L’autre jour, une idée farfelue m’est venue en tête, me racheter des bas qui tiennent tout seuls. Théoriquement, ils permettent de se passer du terrifiant porte-jarretelle qui reste autant un objet de fantasme pour les mecs, qu’un objet de torture pour nous. Inconfortable, peu pratique, cher et fragile, mais tellement sexy, ils doivent être réservés à la parade amoureuse, histoire de faire rouler des yeux fous au mâle convoité.

 

Heureusement, depuis plus de 20 ans, un inventeur de génie a trouvé l’astucieuse méthode pour que ces accessoires, ô combien plus classieux que le collant, puissent s’agripper dignement à nos gambettes.


 

 


 

Ainsi, j’ai fait l’acquisition d’une fine résille strech qui avait l’immense avantage de ne pas transformer mes guiboles en saucisson de Lyon, c’est mieux pour conserver une touche de glamour.
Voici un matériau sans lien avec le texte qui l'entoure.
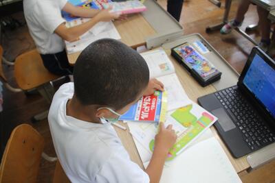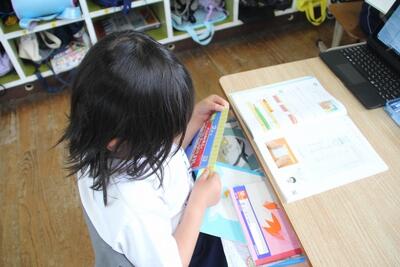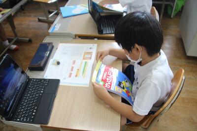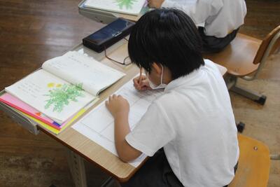 国語科では、説明文「たんぽぽのちえ」を使って、順序に気をつけて読む学習を行っています。この日は、時を表す言葉に着目して、読み進めました。たんぽぽのちえについて順序よく内容を読み取っている2年生です。
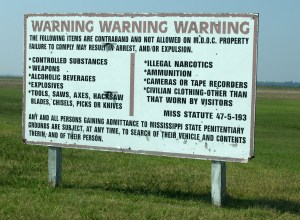 The Mississippi Department of Corrections follows the same stern logic I frequently run up against in Texas and Louisiana. “Offenders” are regarded as non-citizens who have surrendered the right to human dignity. It is assumed that the folks who come to visit these people fit essentially the same category–hence the harsh “up-against-the-wall” signage that typically greets the families and friends of prison inmates.
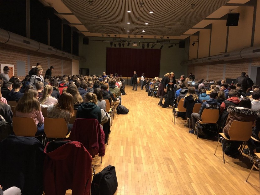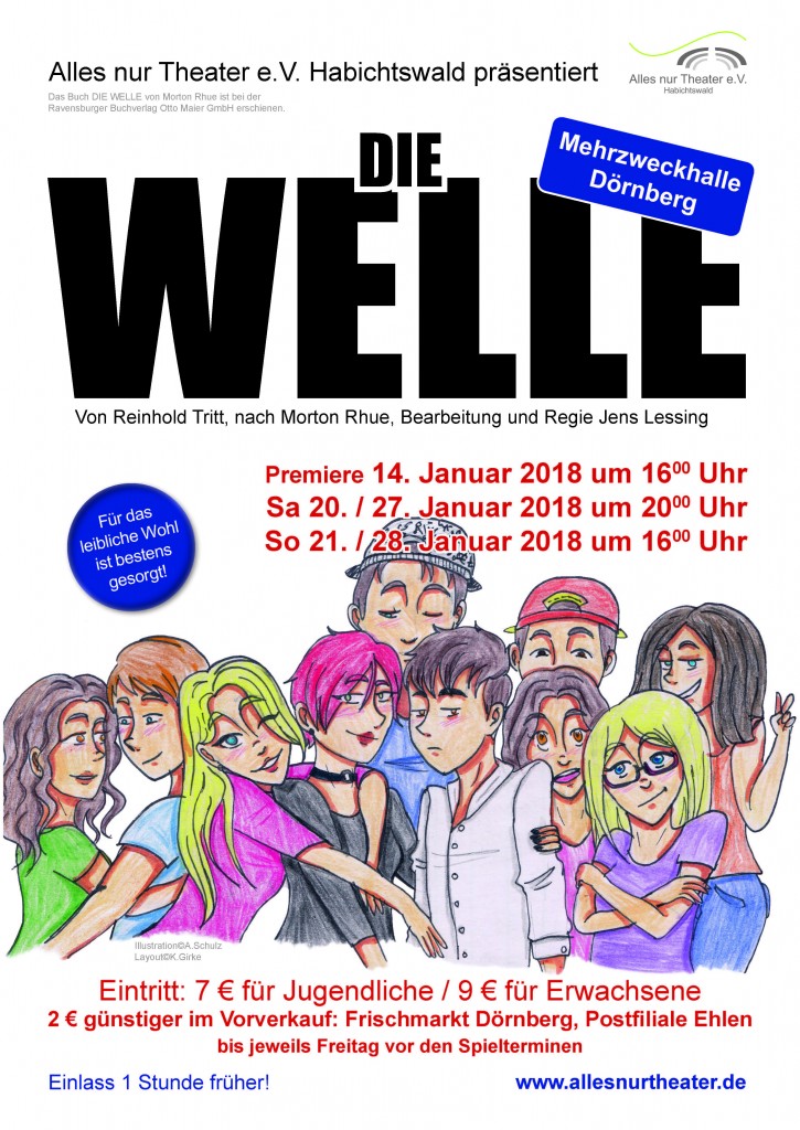 Vor der eigentlichen Premiere im Januar in Dörnberg fand am 21.12.2017 eine Aufführung des Jugendstückes „Die Welle“ in der Kulturhalle Wolfhagen vor ca. 300 Schülern statt. Die Akteure auf der Bühne zogen von Anfang an die Besucher in den Bann: Gefühltes Unbehagen, als der Lehrer im Geschichtsunterricht einen Film über die nationalsozialistischen Gräueltaten zeigt; Anteilnahme, als es zu Streitigkeiten unter den Schauspieler Schülern kommt und natürlich in der beeindruckenden und fesselnden Schluss-Szene.
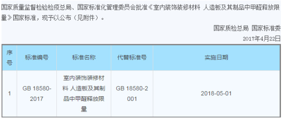 根据2017年4月22日中华人民共和国国家标准公告(2017年第9号)“关于批准发布《室内装饰装修材料 人造板及其制品中甲醛释放限量》国家标准的公告”,由全国人造板标准化技术委员会归口管理的《室内装饰装修材料 人造板及其制品中甲醛释放限量GB 18580-2017》国家强制性标准正式颁布,并于2018年5月1日开始实施。
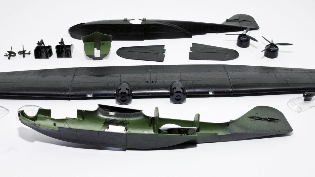 In the case of this Academy model of a PBY-5 – the well-known Black Cat version – the amount of cutting and glueing has been light, but several points of choice on the model have made, and the final result will depend upon them. As received, the landing gear wells were installed and the floats tucked up into the wing. The radome was attached to the cockpit canopy roof. There were .50’s cemented into the sponsons. All choices I should not have made, had I opened a fresh box.
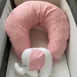 Nuestro cojín de lactancia es grande en relación a los cojines que se encuentran en el mercado. Está relleno en hollofil siliconado, fibra hipoalergénica de uso especial para bebés.
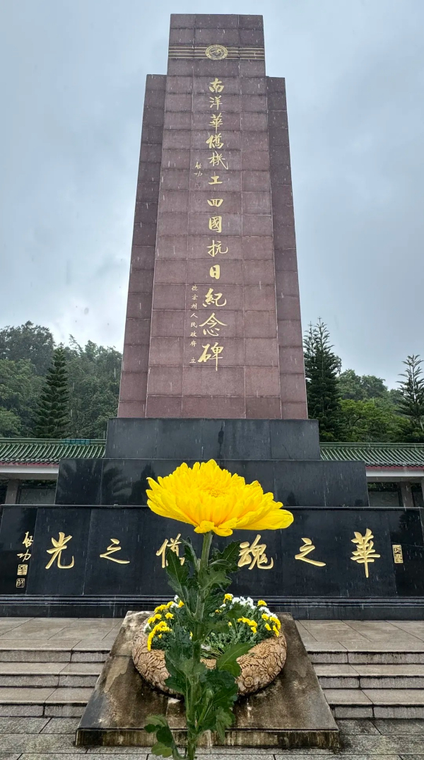 南洋华侨机工回国抗日纪念碑,位于云南德宏州瑞丽市畹町镇。新华网记者肇蕾摄
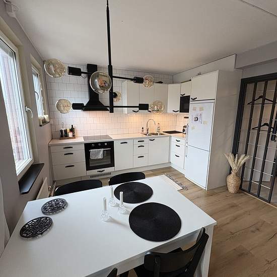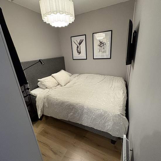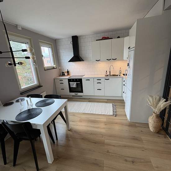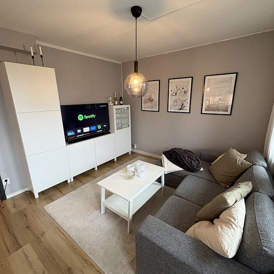A small, cozy 1.5-room apartment of 37 sqm on the top floor with no direct view into the apartment and a balcony. The apartment has been renovated so there is a small separate bedroom with a 160 cm bed, wardrobe and a 43-inch smart TV. The apartment is very open with the living room and kitchen in the same space. The living room has a 3‑seater sofa with chaise and a 50‑inch TV with Apple TV that you can log into. The kitchen is fully equipped with a dishwasher and all the appliances and accessories a kitchen should have. There is a nice dini...

Manque de chance, la jolie bande de dentelle qui devait assurer le maintien, s’avère être totalement inefficace, il doit y avoir un vice de fabrication, dommage, j’aurais mieux fait de conserver la boîte pour faire un échange standard, tant pis pour moi.

 

C’est un peu le problème qui m’avait fait m’écarter de l’utilisation de ce produit depuis pas mal d’années, la tenue n’est pas toujours très fiable et me rappelle un souvenir que je m’en vais vous conter brièvement.

 

Un matin, j’étais encore à la bourre et je vois mon train arriver au loin, il me fallait donc me transformer en Florence Griffith-Joyner pour vaincre ce combat contre la machine. Je me lance alors dans cette course inévitable. À l’époque, je longeais la voie ferrée et arrivais à la gare par le bout du quai, face au conducteur. En général, ce dernier me voyait cavaler et attendait les quelques secondes salvatrices qui me permettaient d’attraper son convoi au vol.

 

Or, ce jour-là, je portais une ‘tite jupette qui va bien et des Dim’Up (pour ne pas les citer). Mes 4 heures de sport hebdomadaire me donnaient une allure athlétique et j’arrivais souvent à mes fins. J’essayais pourtant de garder un port altier tout en allongeant ma foulée.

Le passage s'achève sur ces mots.